Then I returned to Monrovia and heard on a local radio station, Truth FM Radio, Talk Show with an invited studio guest who stated that the Chief Justice, His Honor Francis S. Korkpor, Sr., hates Mandingo People. This studio guest stated that to show his dislike for Mandingo people, the Chief Justice has encroached upon and illegally taken over the lands of Mandingo people in Ganta City, Nimba County, Liberia.

The Chief Justice has also been accused of being responsible for the removal of Justice Kabineh M. Ja’neh from the Supreme Court of Liberia as an Associate Justice.

Upon hearing this, I decided to approach the Chief Justice and ask if he was aware of the accusations being levied against him on the radio by a studio guest and on social media, YouTube. He acknowledged having heard these comments about him but denied the truthfulness of the allegations.

DISCUSSIONS AND ANALYSIS

I have taken the liberty of composing this write-up by way trying to analyze the criticisms against the Chief Justice and laying the matter bare before the grneral public for their consumption and digestion..

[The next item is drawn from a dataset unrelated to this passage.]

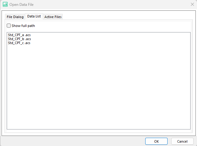 5. Select Add using Standard Open Data Dialog (opens the dialog shown above) or Add using Advanced Open Data Dialog (shown below) that allows for the user to select data files from the Data List by activating the Data List tab (5).

Firstly, the Chief Justice, like other judicial functionaries, does not have the benefit and unfettered freedom to vindicate himself as would an ordinary citizen or a non-judicial actor. Secondly, in a case like this under ordinary circumstances, persons who are subject of slanderous unprovoked attacks on their person, their character and reputation and their profession have adequate remedy at law but in this case, were the Chief Justice to opt for legal action, there would be diverse views and varying opinions and many versions of the criticism. The obvious comment

would be that the Chief Justice, as head of the Judiciary and being plaintiff in a case in any of the trial courts would subject the trial judge(s) to indirect pressure to make ruling in his favor as their boss. That perception would overshadow and perhaps outweigh the legal merits in the suit. So an Action at law may not be the preferred course of action available to the Chief Justice.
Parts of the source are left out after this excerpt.